=== Activity ===
What is needed is an exact repeat of the lines from the one holding "Spatten waterverfachtige verf" through the final line of the data, with no pictures.

=== Information shown ===
---

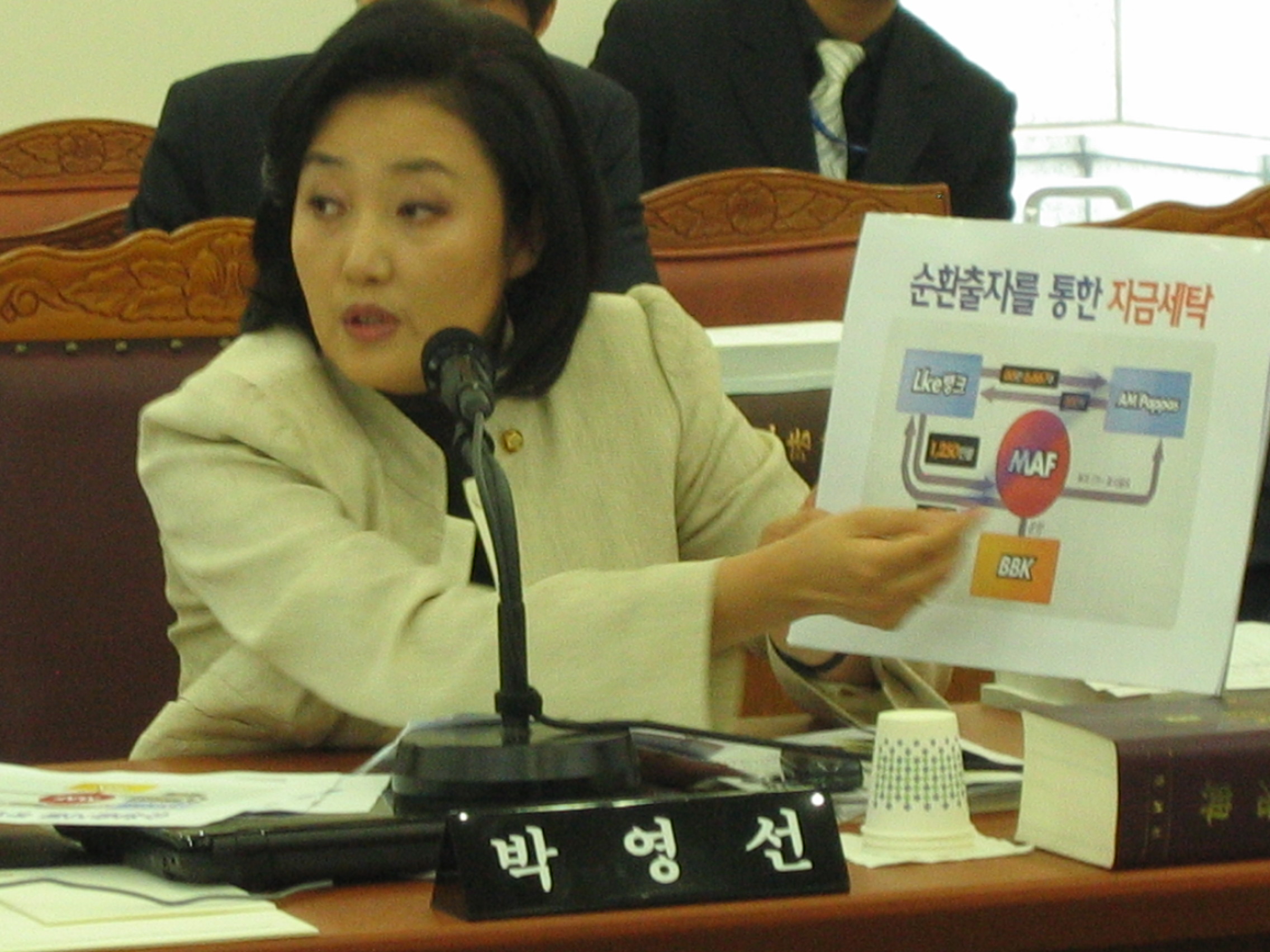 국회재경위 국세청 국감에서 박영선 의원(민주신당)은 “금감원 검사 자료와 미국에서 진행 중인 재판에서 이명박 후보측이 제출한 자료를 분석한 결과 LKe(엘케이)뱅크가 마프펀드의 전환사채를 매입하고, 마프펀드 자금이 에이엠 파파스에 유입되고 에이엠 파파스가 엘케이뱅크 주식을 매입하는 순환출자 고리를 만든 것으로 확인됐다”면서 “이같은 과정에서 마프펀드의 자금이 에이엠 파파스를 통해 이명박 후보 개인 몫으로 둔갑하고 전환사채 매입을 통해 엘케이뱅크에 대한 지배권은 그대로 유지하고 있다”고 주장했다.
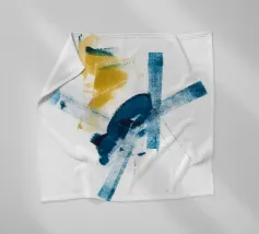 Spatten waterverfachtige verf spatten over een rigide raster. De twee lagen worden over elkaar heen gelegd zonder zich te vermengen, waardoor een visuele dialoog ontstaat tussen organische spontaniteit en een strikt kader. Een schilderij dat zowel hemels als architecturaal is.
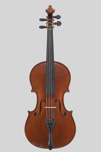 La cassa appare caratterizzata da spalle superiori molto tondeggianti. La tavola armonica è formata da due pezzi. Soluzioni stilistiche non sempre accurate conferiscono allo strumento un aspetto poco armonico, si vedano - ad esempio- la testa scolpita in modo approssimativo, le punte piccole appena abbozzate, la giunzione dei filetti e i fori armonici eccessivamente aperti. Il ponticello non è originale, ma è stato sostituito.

---

=== Task result ===
 Spatten waterverfachtige verf spatten over een rigide raster. De twee lagen worden over elkaar heen gelegd zonder zich te vermengen, waardoor een visuele dialoog ontstaat tussen organische spontaniteit en een strikt kader. Een schilderij dat zowel hemels als architecturaal is.
 La cassa appare caratterizzata da spalle superiori molto tondeggianti. La tavola armonica è formata da due pezzi. Soluzioni stilistiche non sempre accurate conferiscono allo strumento un aspetto poco armonico, si vedano - ad esempio- la testa scolpita in modo approssimativo, le punte piccole appena abbozzate, la giunzione dei filetti e i fori armonici eccessivamente aperti. Il ponticello non è originale, ma è stato sostituito.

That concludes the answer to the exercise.